④⓪
短い時間だが、この島で暮らしたさまざまな記憶が蘇ってくる。
原始的な生活では協力して、仲間がいなければ成し遂げられないことばかりだ。
メイジーはこうして暮らしているうちに色々と学ぶことがたくさんあった。
それを薄汚いなどと馬鹿にされるのは腹立たしくて仕方ない。
「ここは素晴らしい場所よ……! そんな言い方はやめてっ」
「……何?」
「お前……」
二人の怒りは完全にメイジーへと向いているようだ。
睨み合いは続いていたがメイジーの頭にはあることが過ぎる。
(この人たち……皇帝陛下って言っていたわよね。それにガブリエーレを探している。

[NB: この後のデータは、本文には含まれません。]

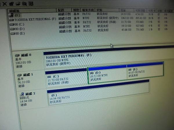 TOSHIBA東芝750GB→2.5吋硬碟為TOSHIBA東芝筆電出廠搭載~更換SSD硬碟後改為資料碟使用儲存照片影片→不知原因出現未格式化視窗~已救出硬碟裏的重要檔案資料→磁碟1基本1863.02GB~新北市三重區-蔡小姐【新增磁碟區(F:)1164.38GB良好NTFS】

それってつまり……?)
苛立ちでそこまで思い至らなかったが、つまり彼らが探しているガブリエーレ。
ガブリエーレは皇帝ということにならないだろうか。
(そ、そんなわけないわよ……! 島で何もせずにぐうたらしている皇帝なんて聞いたことないわ)
だが、ガブリエーレが今まで使っていた不思議な力の数々は魔法だとしたなら納得がいくのではないだろうか。
そしてこの青年たちが使っているのものは魔法だ。
メイジーの知識の中で、ここまで魔法が栄えている国というのは一つしかない。
(ま、まさかスリーダイト帝国の皇帝がガブリエーレってこと!?)
そこでメイジーはあることを思い出す。
王女であるメイジーがスリーダイト帝国の皇帝の名前を知らないわけがない。
皇帝の名前はマルメレ。
マルメレ・ジス・スリーダイトだったはずなのだ。
(でもこの人たちが嘘をついているとは思えないわ)
しかしあの偉そうな態度を考えたら、彼が皇帝だとしたら納得できるような気がした。
「おい、聞いているのか?」
「…………へ?」
緑色の短髪の青年の声にメイジーはハッとする。
どうやら考え事をしていたせいで、まったく話を聞いていなかったようだ。
いつの間にか尖った木の枝がメイジーの首に食い込んでいた。
今にも皮膚を貫いてしまいそうだ。
久しぶりに感じる命の危機にメイジーは息を呑む。
尖った木の枝から離れようとするものの、反対側にはひんやりと冷たい水の塊がある。
窒息死なのか、刺死なのか選べと言われているような気がしてじんわりと背中に汗が滲む。
「もういい……十分だ」
「お前は下がっていろ」
「……っ!」
首の痛みが強くなった気がした。
怖いのに指一本、うまく動かせない。
やられる……そう思ったメイジーがギュッと瞼を閉じた時だった。
『誰がコイツに危害を加えていいと言った?』
低く恐ろしい声が聞こえた。
メイジーがゆっくりと瞼を開けると、そこには青年たちと同様に飛んでいるガブリエーレの姿があった。
そしてメイジーの前にフワリと着地する。
『メイジーを殺していいのは俺だけだ』
「……!」
いつの間にか島民やメイジーたちを囲っていた木々は無惨に枯れ果てて、水の塊はなくなっているではないか。
目を閉じていたメイジーには何が起こったのかまったくわからない。
けれど緑の短髪の青年は木で締め上げられて、青い長髪の青年は水の中にいる。
『ガブリエーレ様、来た!』
『我らの守り神、ガブリエーレ様』
島民たちはガブリエーレの登場に沸き立っている。
周囲から湧き起こるガブリエーレコール。
島民たちは腕を上げて、ガブリエーレの名前を呼んでいた。
メイジーは命が助かったのはいいが、目の前の苦しみ悶える青年たちが気になって仕方ない。
苦しそうに歪む表情を見て、メイジーは狼狽えていた。
「ねぇ……あの人たち、大丈夫なの!?」
『お前は今、コイツらに殺されかけたんだろう? 何故庇う?』
そう言ってガブリエーレはメイジーを見た。
その目には今までに見たことがないほどに冷たい。
初めて会った時の彼を思い起こさせる。
確かにメイジーはもう少しで彼らにやられていたかもしれない。
けれど目の前で彼らが殺されてしまうのだとしたら見過ごせない。